Jazz smirked and rolled her eyes.

I waited for her to say something, but she just nodded at my guitar as if she was waiting for me to tune it and didn’t plan to help me one bit. I mean, except for telling me when I was doing it wrong. Like, all the time.

I frowned at her. “What? You don’t like Green Day?”

“Sure. They’re okay.” Her lips twitched in this really unattractive way, reminding me of the smirks Liz gave me when I said pretty much anything. “But trust me. You’re not ready for Green Day.”

“Well, not today. Duh.” Even though I’d been hoping. “It’s only Tuesday, so we have plenty of time. They told you I booked lessons for tomorrow and Thursday, right?”

She sighed. “I hoped that was a typo on my schedule.”

“Hey, if you can’t teach me—” I gave her the kind of pointed look I got all the time from Dad, which probably wasn’t the smartest idea, but I was beyond frustrated. “Someone else here probably wouldn’t mind.”

“Oh, I can teach you, all right.
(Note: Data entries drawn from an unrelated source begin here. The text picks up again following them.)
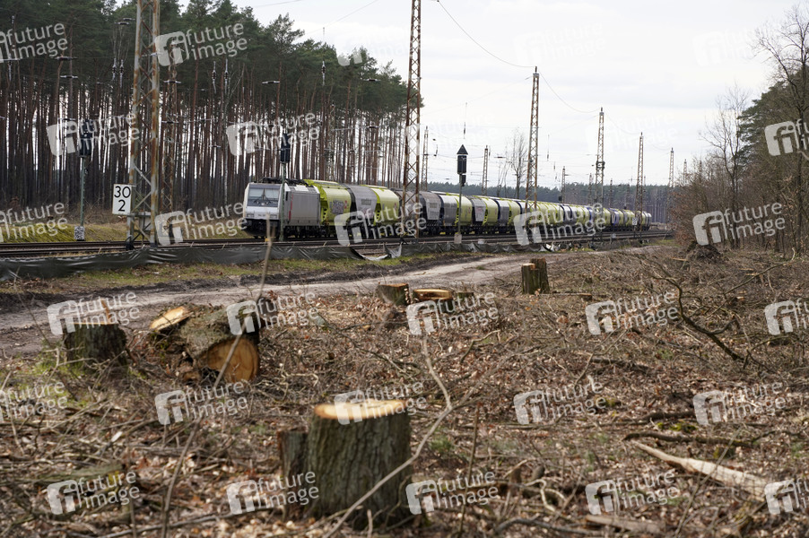 Güterbahnhof Fangschleuse mit abgestelltem Güterzug und Rodung in Vorbereitung der geplanten Erweiterung von Tesla. Die Erweiterungspläne für die Fabrik des Elektroautobauers Tesla in Grünheide (Oder-Spree) bei Berlin sind bei einer Einwohnerbefragung mehrheitlich auf Ablehnung gestoßen. Doch das Votum ist letztlich nicht bindend. Tesla will neben dem 300 Hektar großen Werksgelände einen Güterbahnhof, Lagerhallen und einen Betriebskindergarten errichten. Dafür müssten aber rund 100 Hektar Wald gerodet werden. Das ist umstritten. Es gibt Befürworter der Pläne, aber auch Ablehnung einer Tesla-Erweiterung (Quelle: rbb24). Grünheide, 23.02.2024
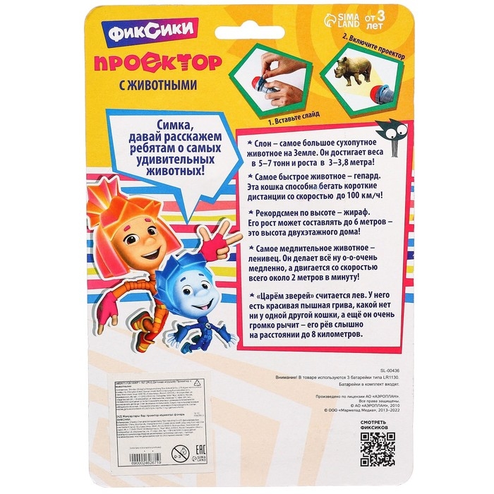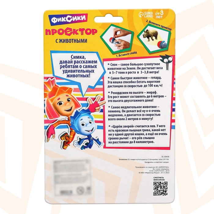 Проектор-фонарик с животными «Фиксики», батарейки в набор не входят
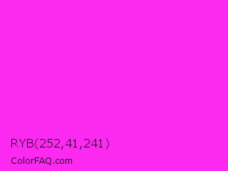 RYB 252,41,241 Color is a normal magenta color and the nearest color is Hot Magenta #ff1dce. Hex code #fc29f1 and RGB value is rgb(252,41,241). In RGB color space, this color is composed of 99% red, 16% green, 95% blue, In CMYK color space, this color is composed of 0% cyan, 84% magenta, 4% yellow , 1% black , In HSL color space, this color has a hue angle of 303° , 97% saturation and 57% lightness.
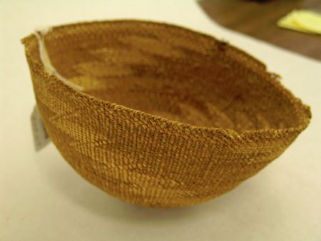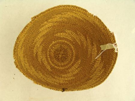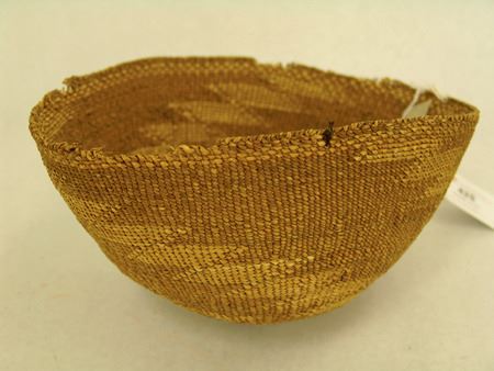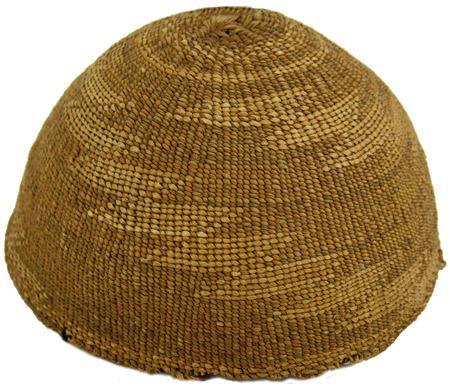 Early 1900s, Rare early woven basketry hat with radiating stepped serrated design. Very good condition, minor rim erosion. Ex. Judge Bonner Collection. 5" x 8"

But no matter who teaches you, you won’t be playing Green Day by Friday. We’re maybe talking ‘Twinkle, Twinkle, Little Star,’ tops.”

Slapping her silly was probably out of the question. “I told you I’m willing to work. I’ll do whatever it takes to play decently on Friday, and it’s just rhythm guitar, not lead.”

“Thank God for small miracles.” Jazz took another deep breath, reminding me of Dad and all the Zen breathing he did when he was around me for more than ten minutes. “No offense, but you can’t learn guitar in a few days, at least not more than a few chords.”

Then why did Kirk act like it was so easy? “But the band already has someone who plays bass guitar.”

Jazz choked on something. “Bass isn’t easy, either. Not at all.”

“Hey, I’ve watched guys play bass. Four strings and they just seem to pluck at them? How much easier

Jazz held up a hand, cutting me off. “Do you want to learn guitar or not? You keep telling me about this gig on Friday.” She rolled her eyes, the jerk. “But all you’re doing is talking, when you’re supposed to be learning to tune a guitar. I swear we’re spending half of your lesson talking.”

“You say that like it’s my fault. I asked you to cut the boring stuff and just tune my guitar for me. Then we can get to the music already.”

“Mistake.” Shaking her head, she grabbed my guitar and tuned it in about thirty seconds. “But you’re paying for this. We’ll try doing it your way and see how that goes.”

“Thanks. So let’s get started, okay?”

Another eye roll. “Whatever you want, Princess.”

I knew I should’ve insisted on having a guy teach me. For starters, when a guy called me “Princess,” it meant something entirely different.